Personal information
- Born: 16 June 1958 (age 68) Gori, Georgian SSR
- Weight: 82 kg (181 lb)

Sport
- Sport: Wrestling
- Event: Freestyle

Medal record
Men's freestyle wrestling
Representing the Soviet Union
World Championships
| Gold medal – first place | 1986 Budapest | 82 kg |
| Bronze medal – third place | 1987 Clermont-Ferrand | 82 kg |
European Championships
| Silver medal – second place | 1982 Varna | 82 kg |
| Silver medal – second place | 1987 Veliko Tarnovo | 82 kg |
World Cup
| Silver medal – second place | 1984 Toledo, Ohio | 82 kg |
| Gold medal – first place | 1985 Toledo | 82 kg |
| Bronze medal – third place | 1986 Toledo | 82 kg |
Goodwill Games
| Gold medal – first place | 1986 Moscow | 82 kg |

= Vladimir Modosyan =

Wrestler

Vladimir Modosyan (born 16 June 1958) is a Soviet Armenian former Freestyle wrestler. He is a World Champion, two-time European Championships silver medalist, and World Cup winner.

==Biography==
Modosyan started wrestling in 1968. In 1975, he moved to Krasnoyarsk and started training under the guidance of the honored coach of the USSR Dmitry Mindiashvili. From 1982 to 1987, Modosyan was a member of the Soviet national freestyle wrestling team. He came in first place at the 1985 Wrestling World Cup. Modosyan had his most successful year in 1986, when he won the gold medal at the 1986 World Wrestling Championships and 1986 Goodwill Games. He won his second silver medal at the 1987 European Wrestling Championships.

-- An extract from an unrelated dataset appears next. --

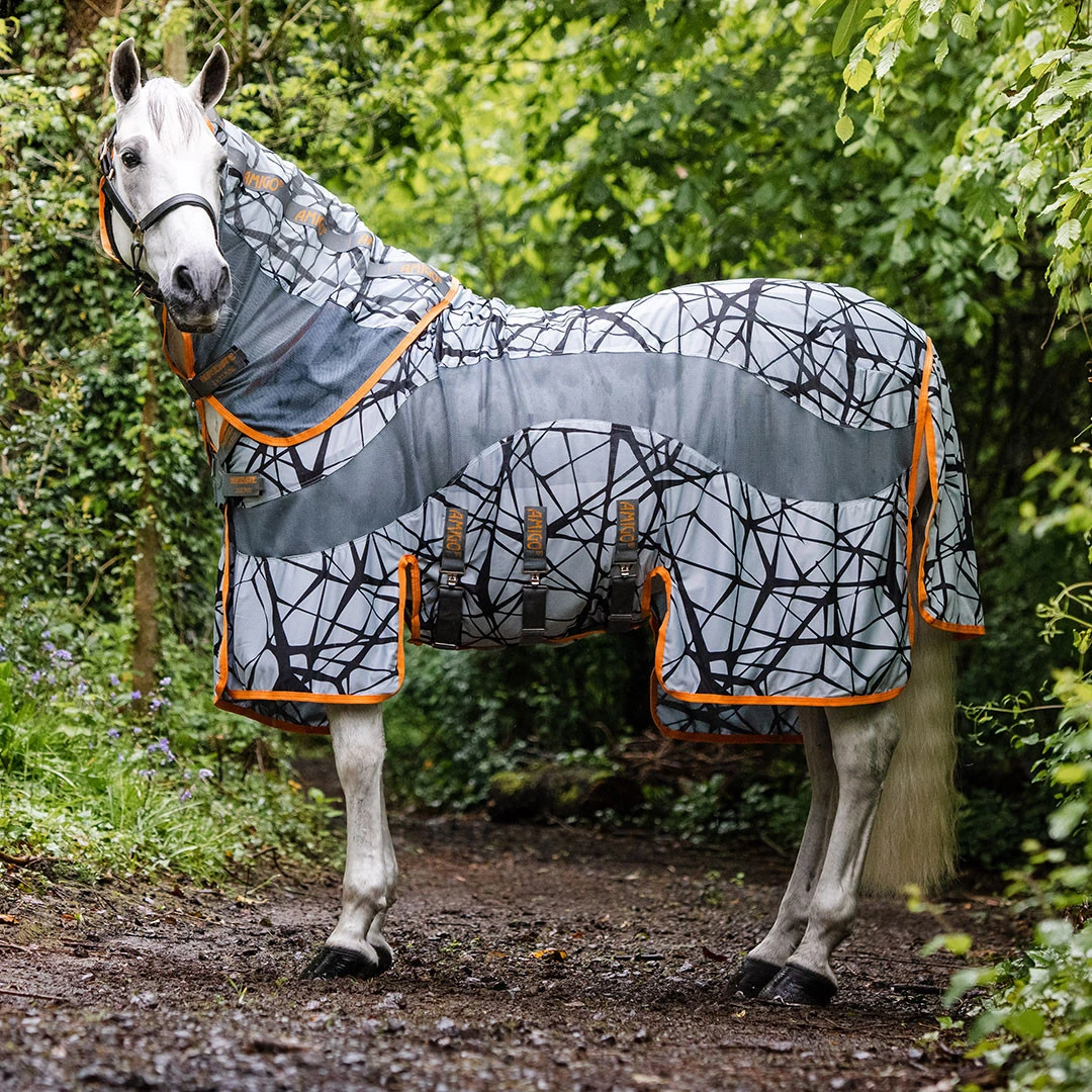Three straight surcingles give more belly protection and the generous tail and leg flaps offer extended protection. Other features include a detachable hood, disc front closure and lining on the shoulders, mane and tail
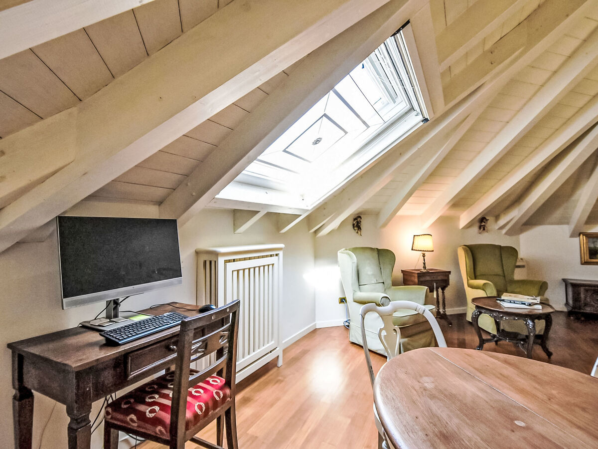 À l'étage supérieur: grande galerie ouverte avec fenêtre sous le toit avec 1 divan-lit double et ordinateur portable.

After completing his wrestling career, he took up coaching, becoming part of the coaching staff of the Russian national freestyle wrestling team. The most famous disciples of Vladimir Modosyan are the Russian Champion and World Championship medalist Albert Saritov and the two-time World Champion Viktor Lebedev.